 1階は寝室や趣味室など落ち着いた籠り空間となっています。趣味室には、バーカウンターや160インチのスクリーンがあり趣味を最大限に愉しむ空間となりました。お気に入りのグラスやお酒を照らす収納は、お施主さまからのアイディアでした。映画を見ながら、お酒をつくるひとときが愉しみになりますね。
---
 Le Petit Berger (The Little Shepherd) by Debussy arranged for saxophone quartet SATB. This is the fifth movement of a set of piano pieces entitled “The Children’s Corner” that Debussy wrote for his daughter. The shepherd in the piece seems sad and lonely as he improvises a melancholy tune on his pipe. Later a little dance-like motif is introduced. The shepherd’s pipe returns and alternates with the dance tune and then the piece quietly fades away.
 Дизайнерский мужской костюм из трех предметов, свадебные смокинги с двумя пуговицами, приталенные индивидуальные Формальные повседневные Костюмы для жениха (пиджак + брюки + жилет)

Problem to solve →
Word for word, restate the lines of the data above that fall between the line holding "Le Petit Berger" and the line holding "Дизайнерский мужской костюм", inclusive, and no other lines.

Exercise response →
 Le Petit Berger (The Little Shepherd) by Debussy arranged for saxophone quartet SATB. This is the fifth movement of a set of piano pieces entitled “The Children’s Corner” that Debussy wrote for his daughter. The shepherd in the piece seems sad and lonely as he improvises a melancholy tune on his pipe. Later a little dance-like motif is introduced. The shepherd’s pipe returns and alternates with the dance tune and then the piece quietly fades away.
 Дизайнерский мужской костюм из трех предметов, свадебные смокинги с двумя пуговицами, приталенные индивидуальные Формальные повседневные Костюмы для жениха (пиджак + брюки + жилет)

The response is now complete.